Durante o longo governo de Herodes Antipas na Galiléia (de 4 antes de Cristo a 39 depois de Cristo) cresce o latifúndio (ligado aos Saduceus) em prejuízo das propriedades comunitárias que eram a característica do sistema tradicional dos judeus. Os muitos impostos faziam diminuir a renda das pequenas propriedades. O Livro de Henoque, escrito nessa época, denuncia os poderosos donos das terras (Henoque 46,3-4; 48,8; 53,5; todo o capítulo 62) e exprime a esperança dos pequenos para o dia da vinda do Reino: “Então, os poderosos e os grandes já não serão mais os donos da terra!” (Hen 38,4). O ideal do futuro para os antigos era este: “Cada um debaixo da sua vinha e da sua figueira, sem que haja quem lhes cause medo” (1Mac 14,12; Miq 4,4; Zac 3,10). Aos poucos, a política do governo de Herodes tornava impossível a realização deste ideal. É como hoje. A situação está ficando tão ruim para o povo que já não é possível realizar o ideal dos tempos antigos: “Cada um no seu lote com casa própria e bom salário, sem medo de ser assaltado!”
Tudo isto, Jesus o viveu e o experimentou, naqueles anos todos em Nazaré. Via os escribas se esforçando para ensinar ao povo as coisas da lei. Via os fariseus insistindo na observância da pureza. Via os sacerdotes preocupados com as coisas do culto no Templo.
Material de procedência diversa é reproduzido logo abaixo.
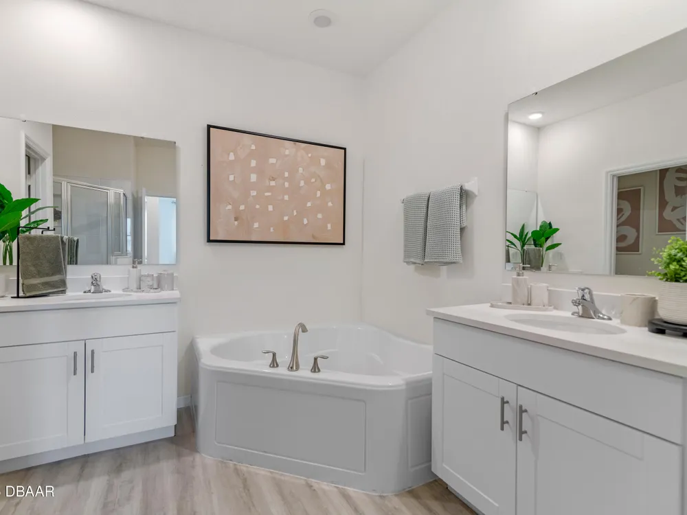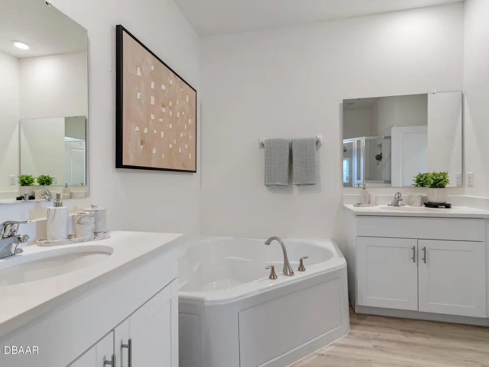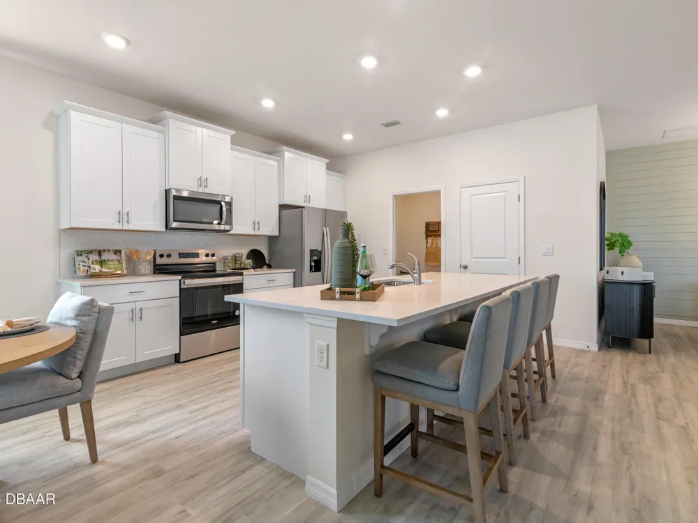 As you enter the foyer, you are greeted with two bedrooms and a full bathroom. The well-appointed kitchen overlooks the dining room and features an island with bar seating, beautiful quartz countertops and stainless-steel appliances. A versatile nook is located off the kitchen and can be adapted to fit your needs. Enjoy views of the oversized lanai from the spacious great room. Bedroom one, located in the back of the home for privacy has an en suite bathroom with a double vanity and spacious walk in closet. Bedroom four is tucked into the opposite corner of the house and includes a third bathroom. *Photos are of similar model but not that of exact house. Pictures, photographs, colors, features, and sizes are for illustration purposes only and will vary from the homes as built. Home and community information including pricing, included features, terms, availability and amenities are subject to change and prior sale at any time without notice or obligation. Please note that no representations or warranties are made regarding school districts or school assignments; you should conduct your own investigation regarding current and future schools and school boundaries.*

E quem estava preocupado com a vida do povo trabalhador? O povo era como um rebanho sem pastor, abandonado (Mt 9, 36-37; Mc 6,34). Queria entrar no Reino e não podia, porque os que tinham a chave não abriam a porta (Mt 23,13). E Jesus dizia: “Tenho dó deste povo!”(Mc 8,2).
Este foi o povo com que Jesus conviveu durante trinta anos. Era esta a situação que ele experimentava e sofria diariamente. Era aqui, nesta escola do trabalho, que ele, através do longo silêncio de trinta anos, “crescia em sabedoria, graça e tamanho, diante de Deus e dos homens” (Lc 2,52). A escola continua aí! As matrículas continuam abertas. E tem vaga!